Share your dilemmas and get honest opinions from other Mumsnetters.

AIBU to question the impact of WW1 and 2 on society today?

96 replies

westridingpauperlunaticasylum · 21/01/2018 21:59

My great grandparents were directly impacted by WW1. The men fought in France, the women tried to keep families alive. We lost relatives in the conflict but those that returned turned to drink. WW2 I had a grandfather who was a Japanese POW. His experiences influenced a whole family on his return and I think the effects reverberate now. Did the 20th century wars create the society we have now? People talk about 'these days' negatively with a sense of nostalgia which pisses me right off. Today is influenced by the past and we have no control over that.

OP posts:
leiaorganashair · 22/01/2018 21:46

They are comparable in the impact on those regions, surely? Less impact on Britain than WWII, but just as much if not more on people from those regions. The global scale of a war and the impact on those who lived through a war are two completely different things. The Blitz had little impact on my mother's family. They still suffered huge trauma in WWII.

numbereightyone · 22/01/2018 21:53

Of course war impacts those directly involved.

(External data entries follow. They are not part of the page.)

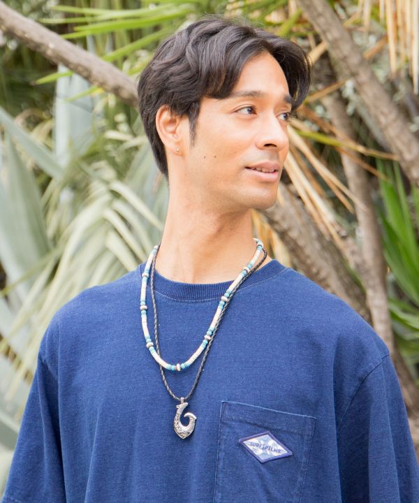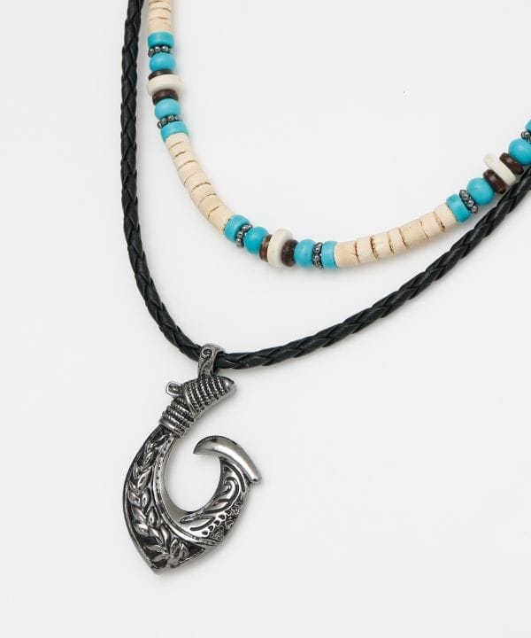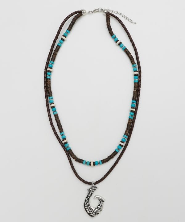 メタル×天然素材を組み合わせたボリュームネックレス。フィッシュフックモチーフは幸運を呼ぶお守りとされ、旅や海を感じるスタイルにぴったり。存在感あるデザインで胸元を印象的に演出します。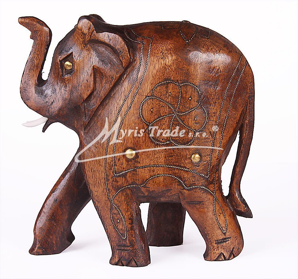 slon dřevěný - ručně vyřezávaný, tmavé dřevo, jemně zdobený mosazí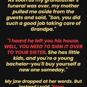 As soon as my grandfather’s funeral was over, my mother pulled me aside from the guests and said, “Son, you did such a good job taking care…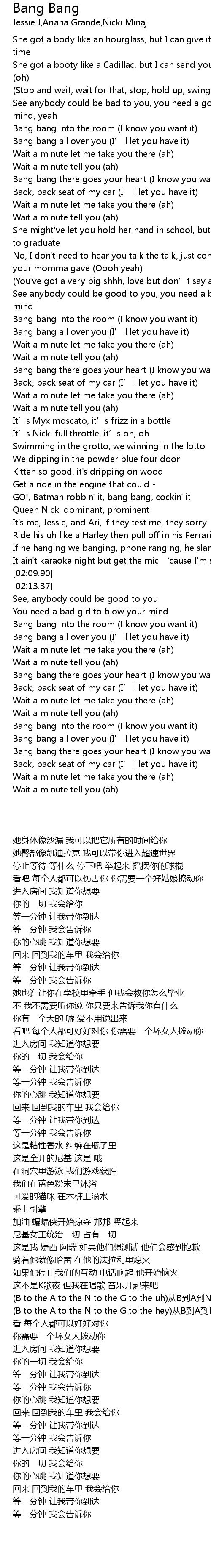 | [02:24.38] | Bang bang into the room I know you want it |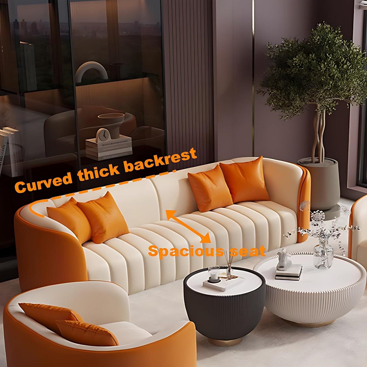 this sofa set impresses with its thoughtful design and quality craftsmanship. The curved contours not only elevate the aesthetic appeal but also provide exceptional ergonomic support, making lounging a true pleasure. Its premium leather surface, combined with high-density sponge seating, offers a balance of softness and resilience, holding up well against daily wear. The included coffee table integrates seamlessly, completing the living room setup with functional elegance. However, assembly requires careful attention to instructions, especially with securing the sections to prevent tipping and to avoid any accidents with its sharp edges.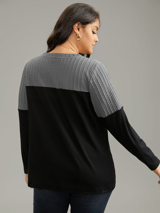 Textured Patchwork Contrast Crew Neck Knit T-shirt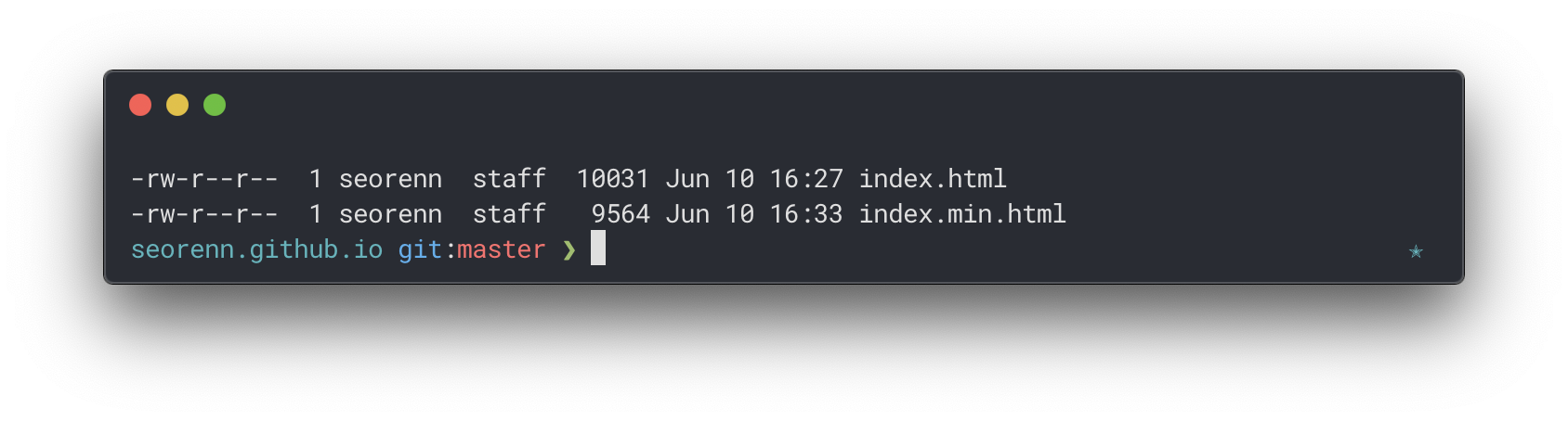 위 명령은 input.html 파일을 압축해서 output.html로 압축해주는 명령의 예제입니다. 자주 사용할 것 같다면 alias 같은 것으로 만들어둬도 될 것 같습니다.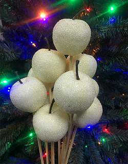 Декоративные белые яблоки на штекере в сахаре. Белые, сахарные, блестящие, довольно крупные яблоки на длинной деревянной палочке. Станут прекрасным дополнением к новогоднему декору — для украшения венков и гирлянд, композиций из лапника.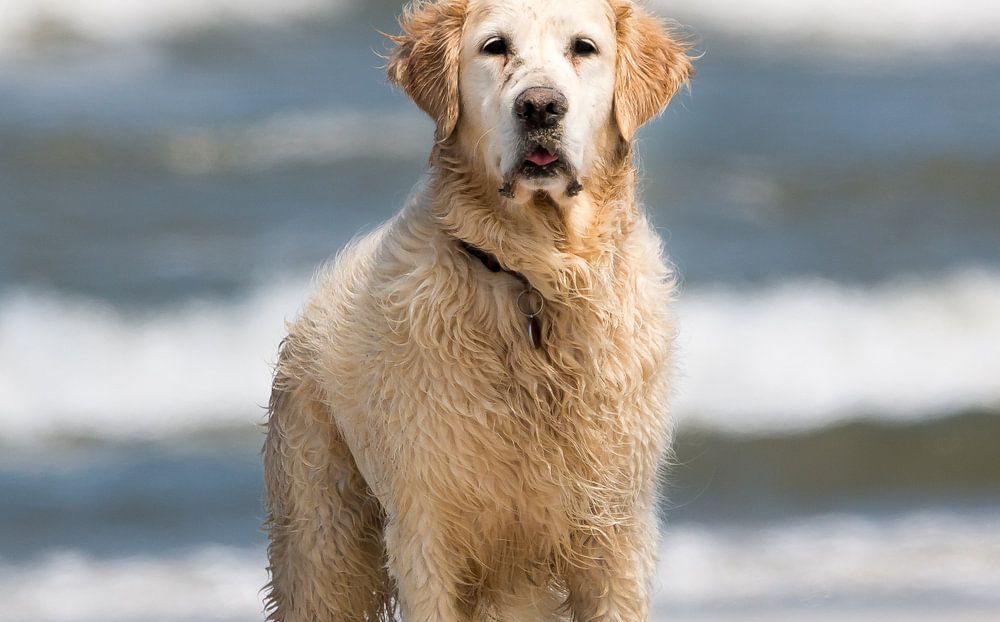 Golden retriever op het strand van Ballum, Ameland, Holland. Net gezwommen en uitwaaien in de frisse bries, juni 2016.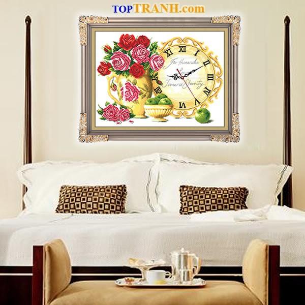 Tranh thêu đồng hồ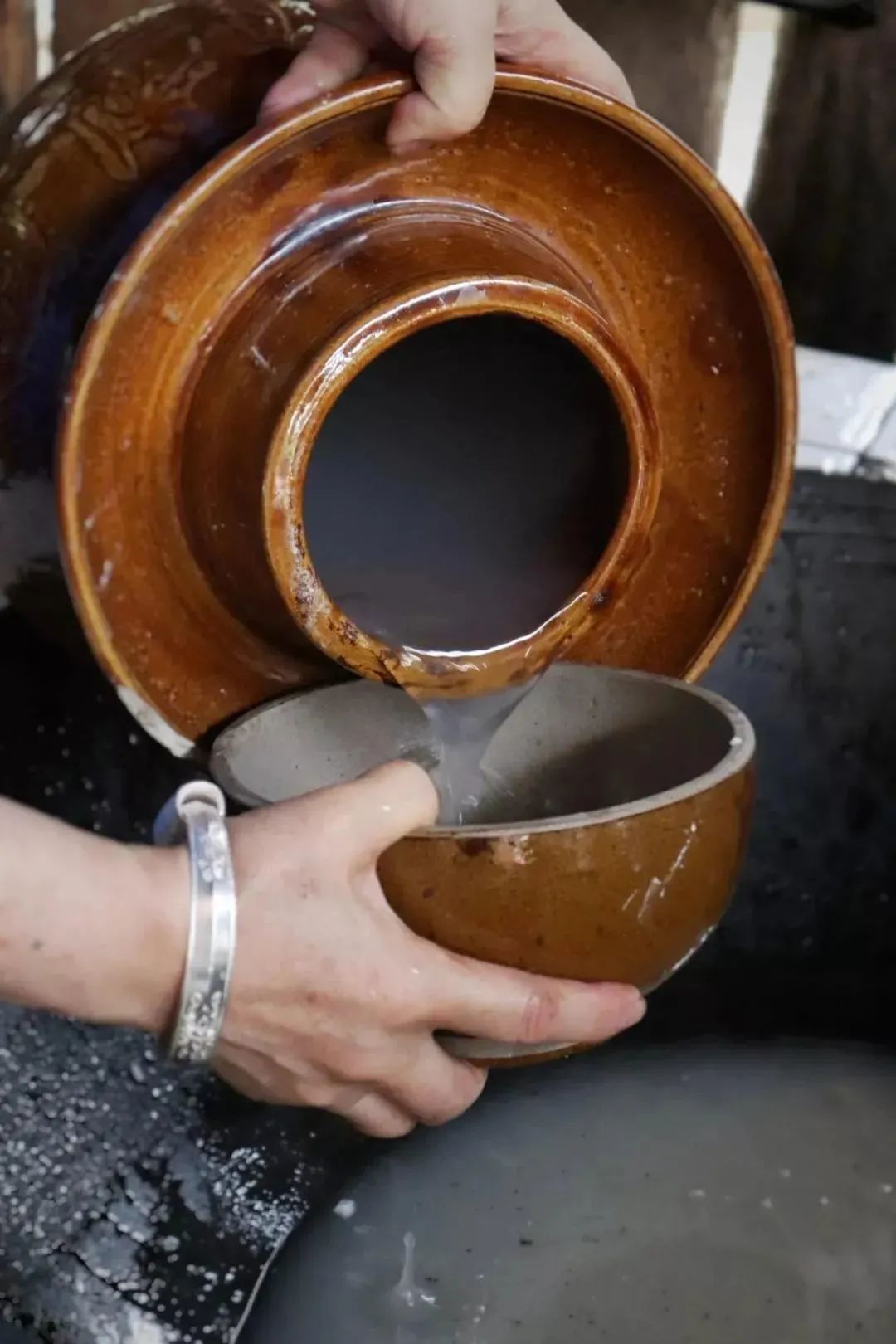 在新中国解放之前,多数人温饱都难以保证的岁月里,以这种繁富工艺制作,甚至用到很多食材的器皿,显然有着更大的作用——装酒滴酒不漏,装水挥失殆尽。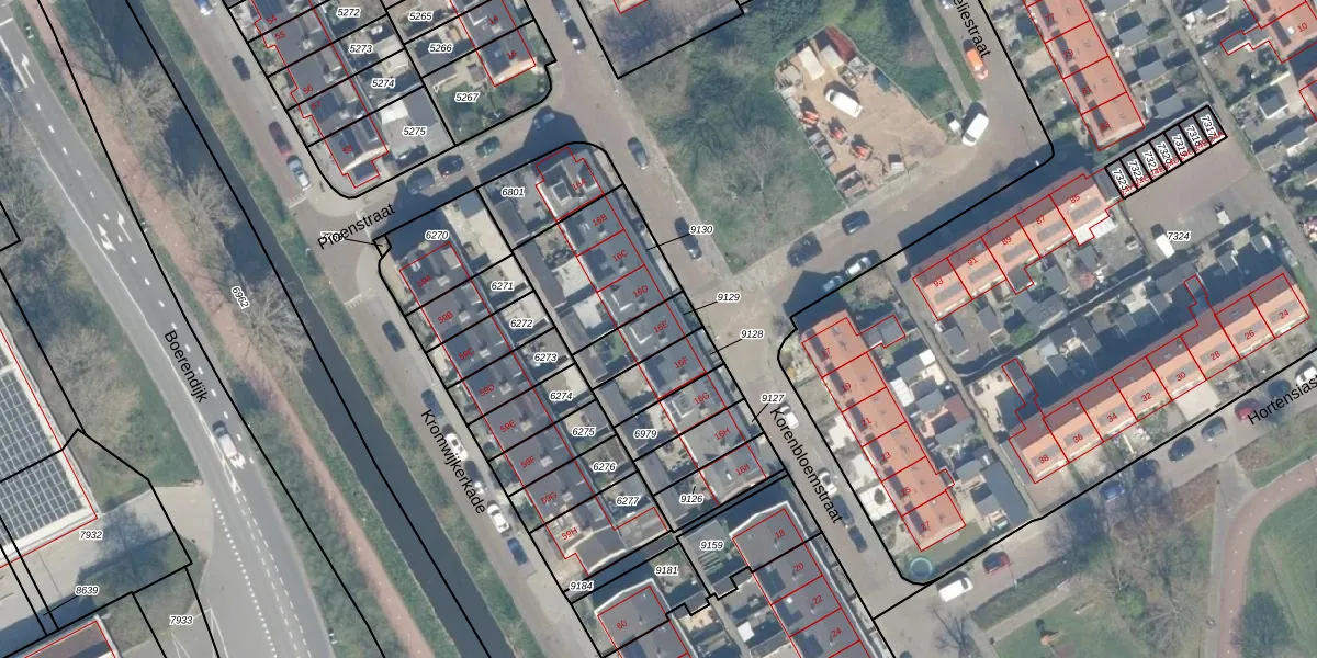 Het adres ligt op het perceel WDN01-B-9129, dat zich in de kadastrale gemeente Woerden bevindt. Het perceel is 120 m² groot. Dat is kleiner dan de gemiddelde perceeloppervlakte in Woerden, dat op 1326,34 m² ligt. Het kleinste perceel in de kadastrale gemeente is 0 m² groot. De grootste perceeloppervlakte is 55,0 ha. Dit is het enige adres dat aanwezig is op het perceel. De huidige grenzen van het perceel zijn digitaal in de Basisregistratie Kadaster (BRK) geregistreerd op 30-06-2014.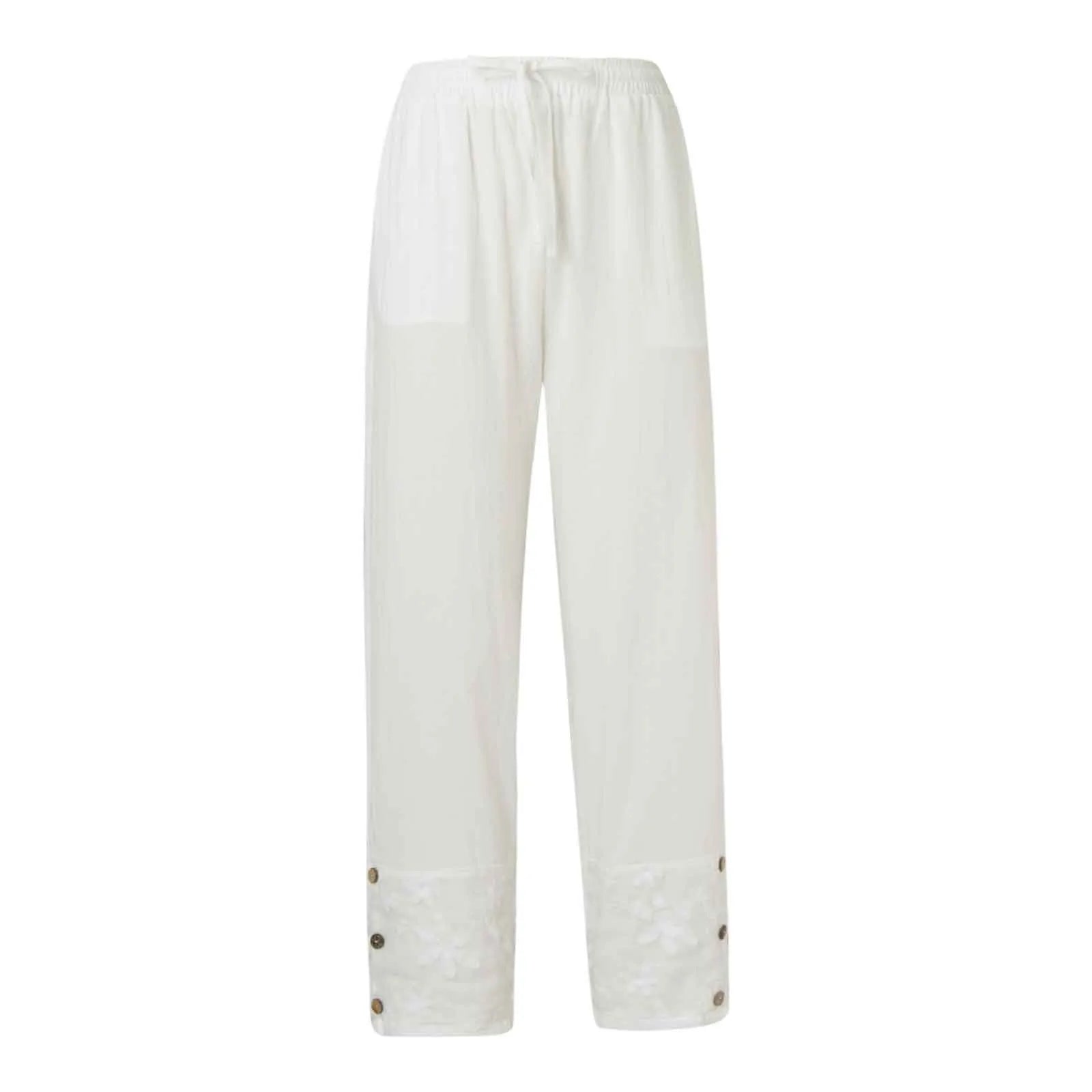 Luftiger Komfort: Diese Hose bietet eine perfekte Kombination aus Stil und Bequemlichkeit. Der elastische Bund mit Kordelzug sorgt für eine angenehme Passform, während der leichte, atmungsaktive Leinenstoff dafür sorgt, dass Sie sich den ganzen Tag über frisch und wohl fühlen. Die Knopfdetails am Beinabschluss verleihen der Hose eine besondere Note.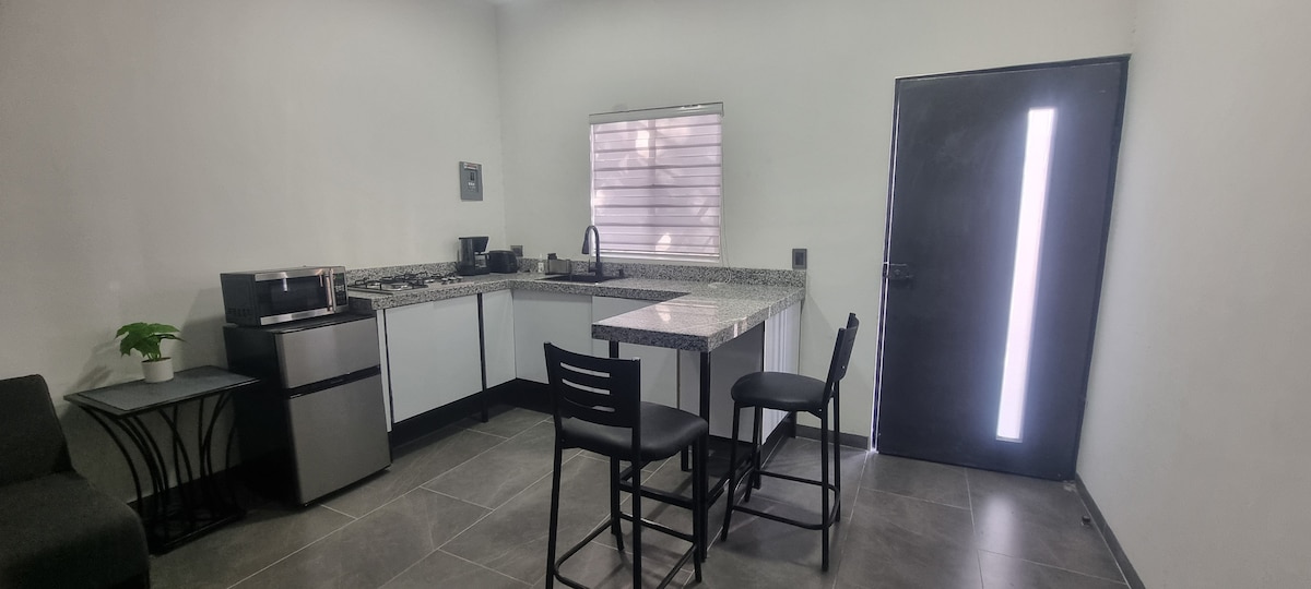 Este elegante, nuevo y amplio alojamiento se encuentra cerca del IMSS 16 y 71 en la zona residencial. Está totalmente equipado incluyendo cocineta, baño y con MiniSplit para frío y calor. Incluye todos los servicios y cuenta con lavandería equipada con todo nuevo y una acogedora terraza. La limpieza es lo mas importante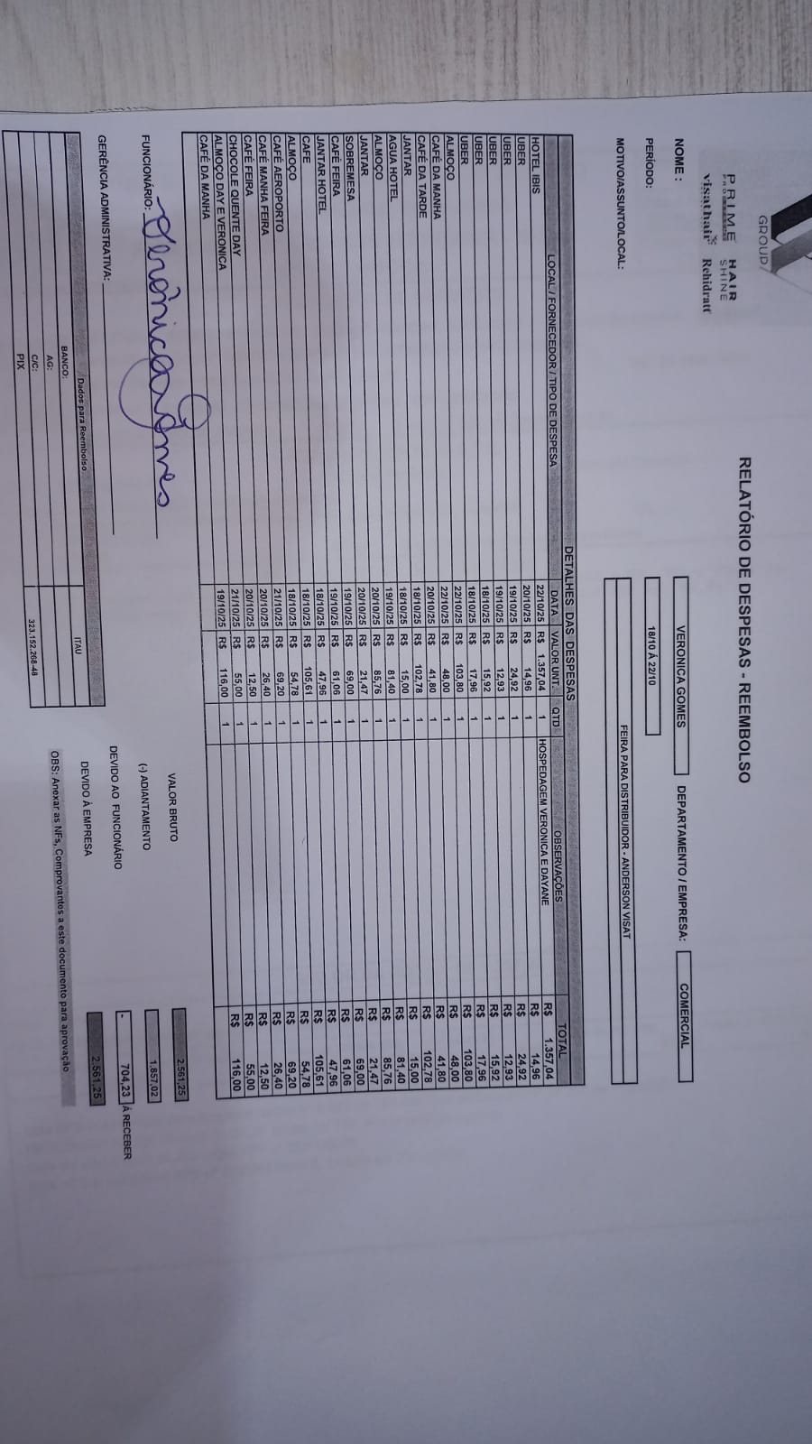 | 30/10/2025 | 31/10/2025 | PAGO | VERONICA GOMES DE AZEVEDO WHITAKER | FEIRA PARA DISTRIBUIDORES... | PRIME PRO | COMERCIAL | R$ 704,23 | R$ 704,23 | R$ 704,23 | R$ 0,00 | 🧾 | 📄 | |
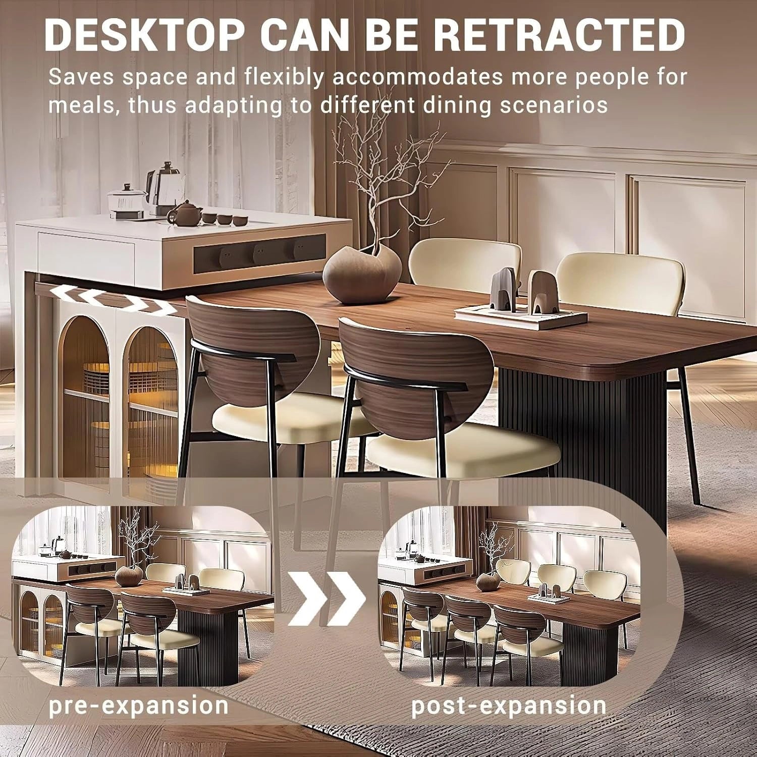 Flexible Dining Space: Its tabletop can be extended up to 55 cm to accommodate 4-6 persons. It is designed so that you can use it for different functions: pushing in for smaller gatherings or quickly pulling out for larger gatherings, welcoming friends and family with ease.

OneWildNightWithJBJ · 22/01/2018 21:57

This is an interesting thread. My Nan's first husband was killed in WW2, so it's strange to think my dad, me, my brothers, my kids, nephews, nieces wouldn't be here if not for the war.

My dad was born just after the war, when food rationing still existed and paper was scarce. Consequently, my parents encouraged us to eat all our food and, although I don't force my DC to eat everything, I do hate that feeling of waste. Same goes for paper! My dad always uses every scrap of paper and so do I!

I guess also, my aunt was evacuated during the war and I think that affected her relationship with her younger sisters (my mum).

Sandsnake · 22/01/2018 22:01

Interesting topic. My family was, on both sides, an ‘inbetween’ family - great-grandparents were slightly too young for WWI and my grandparents were too young for WWII. Lucky. It’s tragic how the spacing of the wars meant that successive generations in families often had to fight. I wonder whether the comparative stability of my parents’ families is in any way related to that? It would be a fascinating wider study.

WesternMeadowlark · 22/01/2018 22:15

I'm both reassured and saddened to read so many others saying that WWI and WWII affected the psychological health of multiple generations of their families.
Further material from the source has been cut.